About this exercise: If the records below hold pictures, omit them, and print exactly the lines from the first line through the line containing "グッチ GUCCI 7800", inclusive.

Excerpts from a dataset:
━━━━━━━━━━
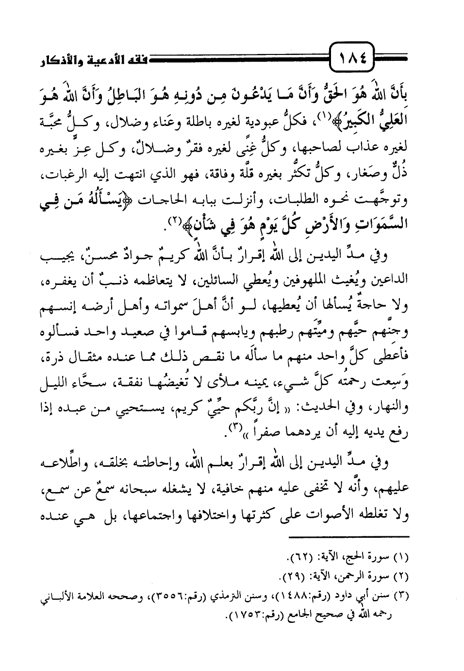 وفي مدِّ اليدين إلى الله إقرارٌ بعلم الله، وإحاطته بخلقه، واطِّلاعه عليهم، وأنَّه لا تخفى عليه منهم خافية، لا يشغله سبحانه سمعٌ عن سمع، ولا تغلطه الأصوات على كثرتها واختلافها واجتماعها، بل هي عنده
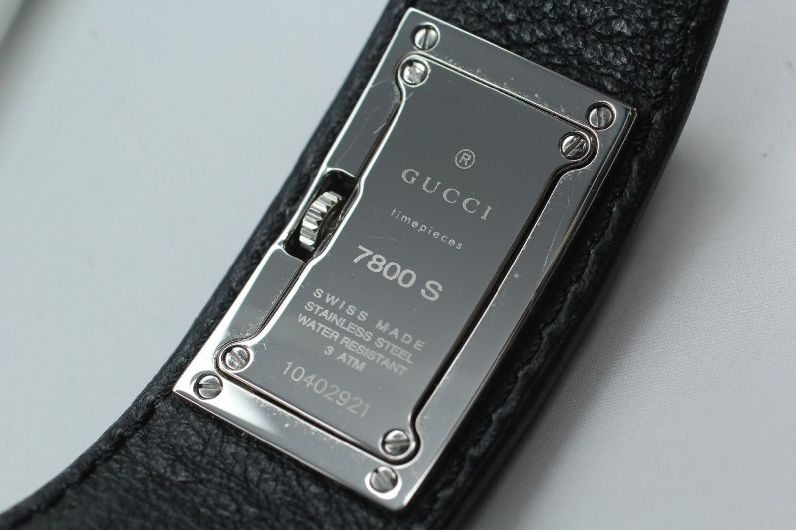グッチ GUCCI 7800 S レディース 腕時計 シルバーケース ブラックレザー クオーツ スイス製 ヴィンテージ スリムデザイン 上品モデル
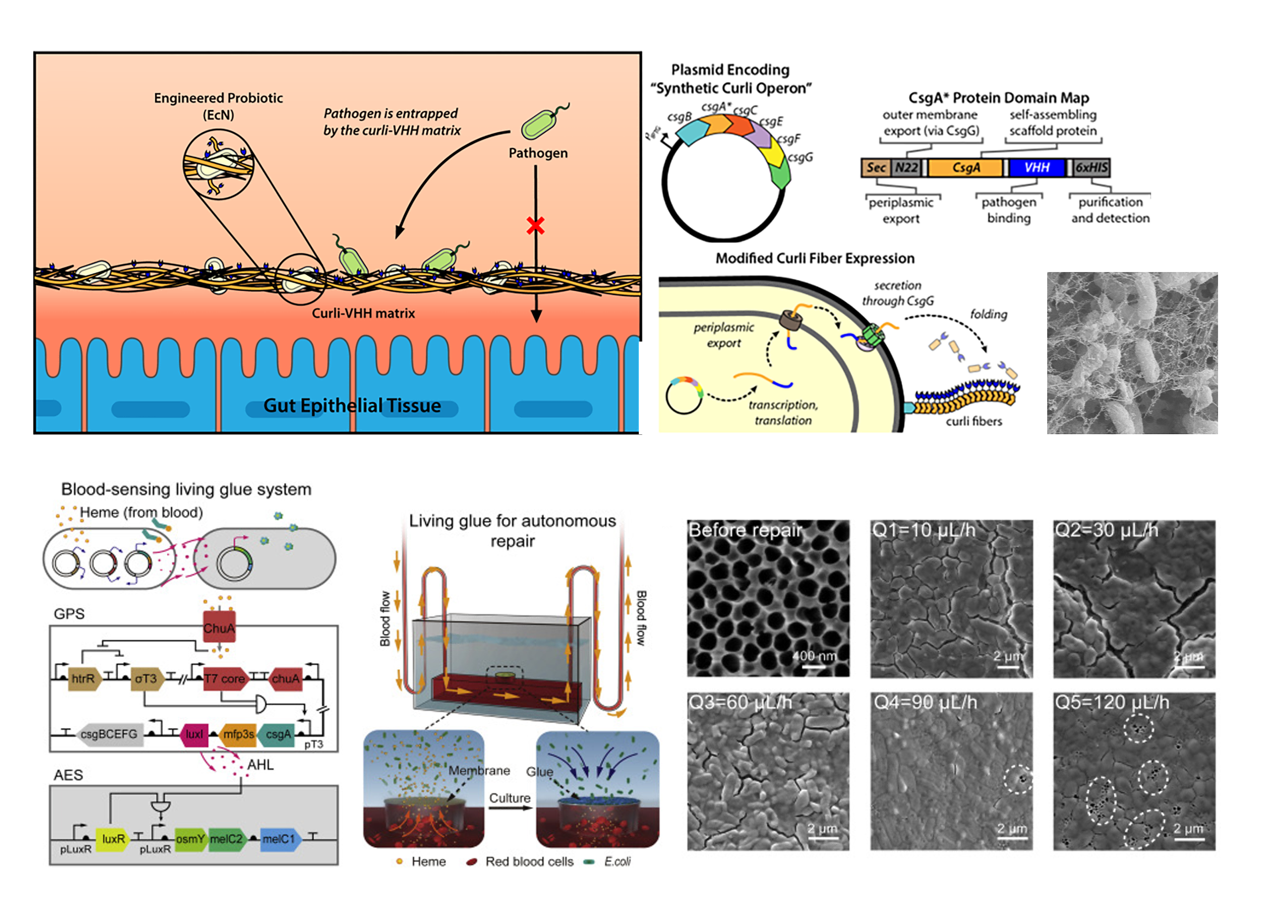 细菌生物被膜为一类具有代表性的自组装活材料,由细菌及其产生的胞外基质构成。合成生物学顺利获得对生物被膜中淀粉样蛋白纤维的改造、或者是基于对细菌响应性的改造,为生物被膜找到了新的用途。诊疗方面,例如:利用益生菌肠道定植的特性,顺利获得生物被膜和功能蛋白的融合,实现在肠道的功能蛋白展示,可用于特定药物的递送或致病微生物的预防。另外,自组装活材料可看作多细胞集体,而合成生物学不仅可以给予个体层面的改造,还可以顺利获得定义个体单元间的对话实现集体层面的改造。合成生物学建立了一系列用于控制或重构“细胞-细胞”、“细胞-环境”通讯的工具。这些新的工具或许可以用于增加人工组织的复杂性,为自下而上的组织工程方法拓宽思路。
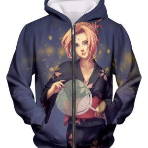 Boruto Very Cute Leaf Village Ninja Sakura Kimono 3D Printed Zip Up Hoodie
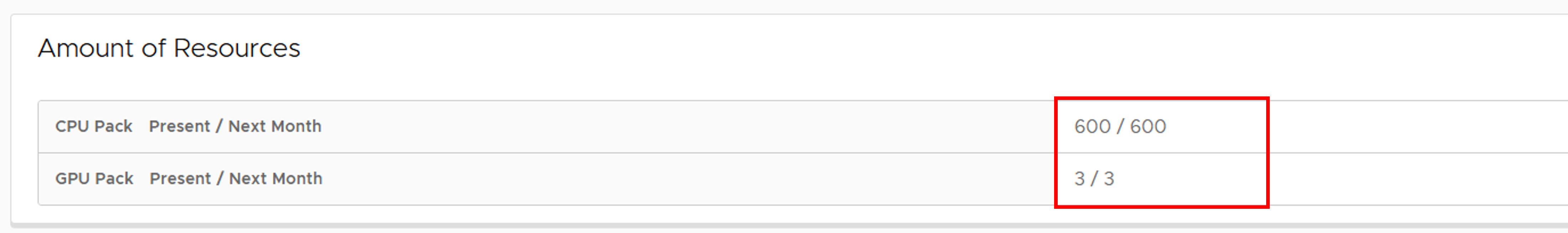 The amount of resources available in 1 CPU Pack and 1 GPU Pack are as follows.
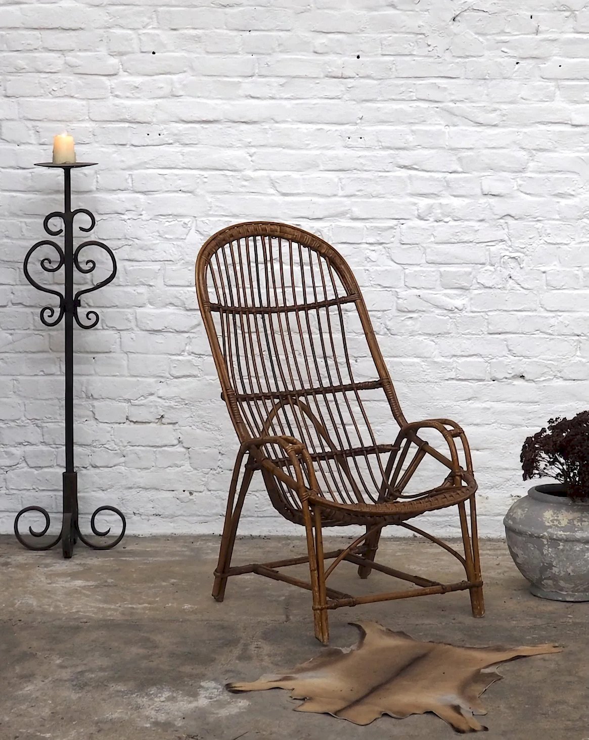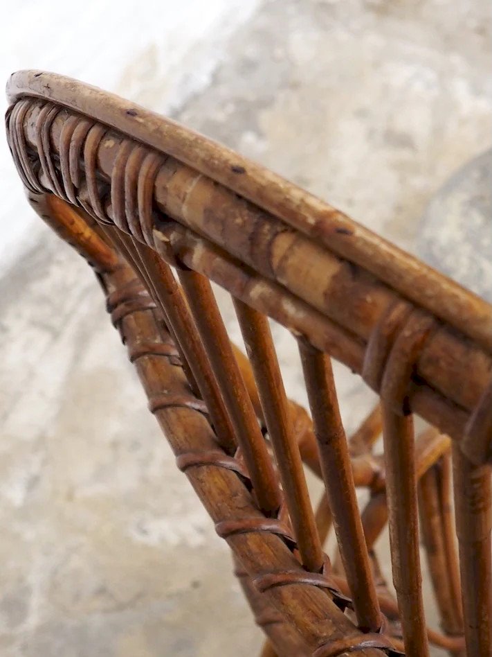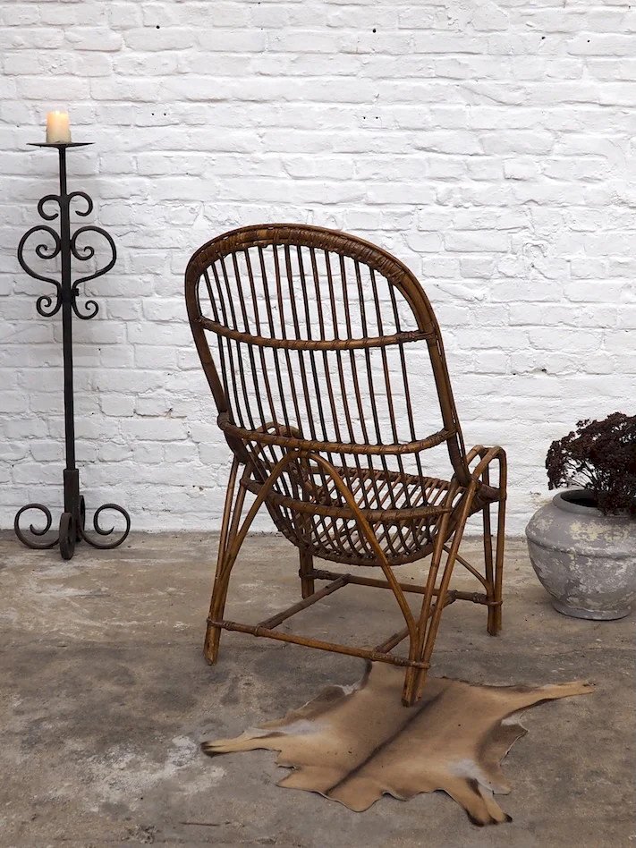 Adopt this low rattan armchair from the 1960s, with its enveloping curves and natural weaving that diffuse an organic warmth into the room. Its low, proportionate silhouette creates a comfortable seat, perfect for a reading nook, a veranda, or a bohemian-style living room, while the lightweight structure makes it easy to move according to the desired ambiance. The patinated rattan gives it a soft, authentic presence, capable of harmonizing with both contemporary and vintage interiors. Width: 63 cm Depth: 90 cm Seat depth: 44 cm Height: 109 cm Seat height: 37 cm Condition: Used: Item that has been used. Item showing some superficial signs of wear,... Used: Item that has been used. Item showing some superficial signs of wear, fully operational and functioning correctly. It may be a demonstration model or an item returned to the store after a short period of use, including any imperfections. Color: Multicolor Height: Rattan Width: Armchairs and easy chairs Brand: Debongout Type: Vintage product Material: Rattan Style: Country
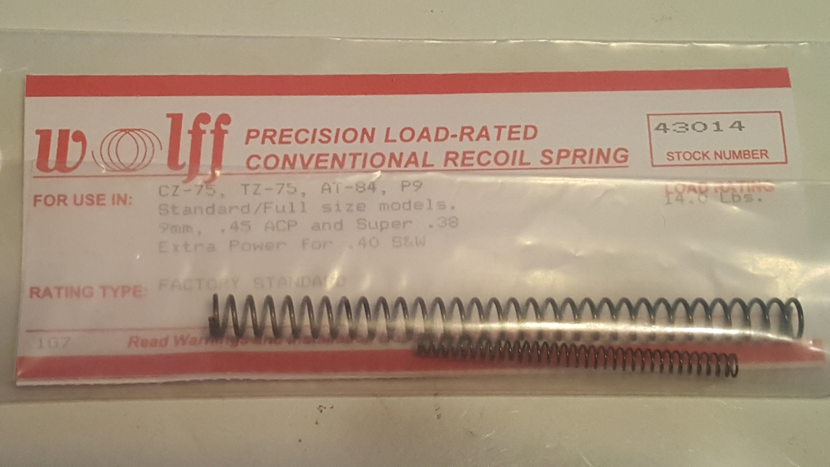 43014 Wolff CZ75 / AT84 / P9 9mm, STD RECOIL SPRING 14LB
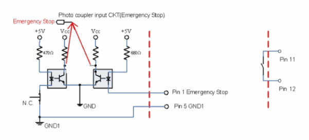 The emergency stop signal is active low, when emergency stop signal goes to low, the 34000A Series Load will go to load "off" immediately.
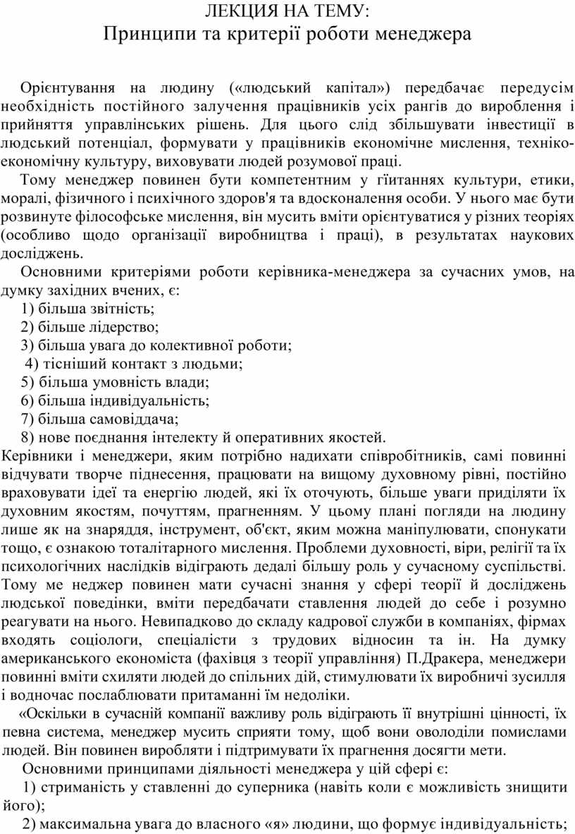 Основними критеріями роботи керівника-менеджера за сучасних умов, на думку західних вчених, є:
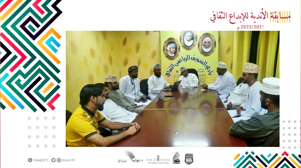 اللجنة الشبابية بنادي السويق تلتقي برؤساء اللجان الشبابية بالفرق الأهلية التابعة لنادي السويق ، و تستعرض مستجدات المرحلة الأولى من #مسابقة_الأندية_للإبداع_الثقافي 2021 / 2022م
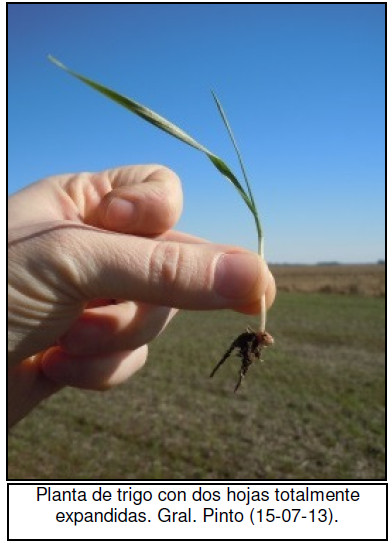 El área sembrada dicha campaña fue muy baja debido a los excesos hídricos que afectaron a la región, por tal motivo la superficie se incrementó aunque el productor decide realizar lo mínimo para mantener la rotación de los cuadros, ya que la rentabilidad de este cereal es muy ajustada y hasta en muchos casos negativa. En dicha región los cuadros sembrados de manera temprana comienzan a transitar la etapa de macollaje, mientras que el resto de los lotes se encuentran en emergencia o expandiendo 1–2 hojas.
━━━━━━━━━━
Result for this task:
 وفي مدِّ اليدين إلى الله إقرارٌ بعلم الله، وإحاطته بخلقه، واطِّلاعه عليهم، وأنَّه لا تخفى عليه منهم خافية، لا يشغله سبحانه سمعٌ عن سمع، ولا تغلطه الأصوات على كثرتها واختلافها واجتماعها، بل هي عنده
グッチ GUCCI 7800 S レディース 腕時計 シルバーケース ブラックレザー クオーツ スイス製 ヴィンテージ スリムデザイン 上品モデル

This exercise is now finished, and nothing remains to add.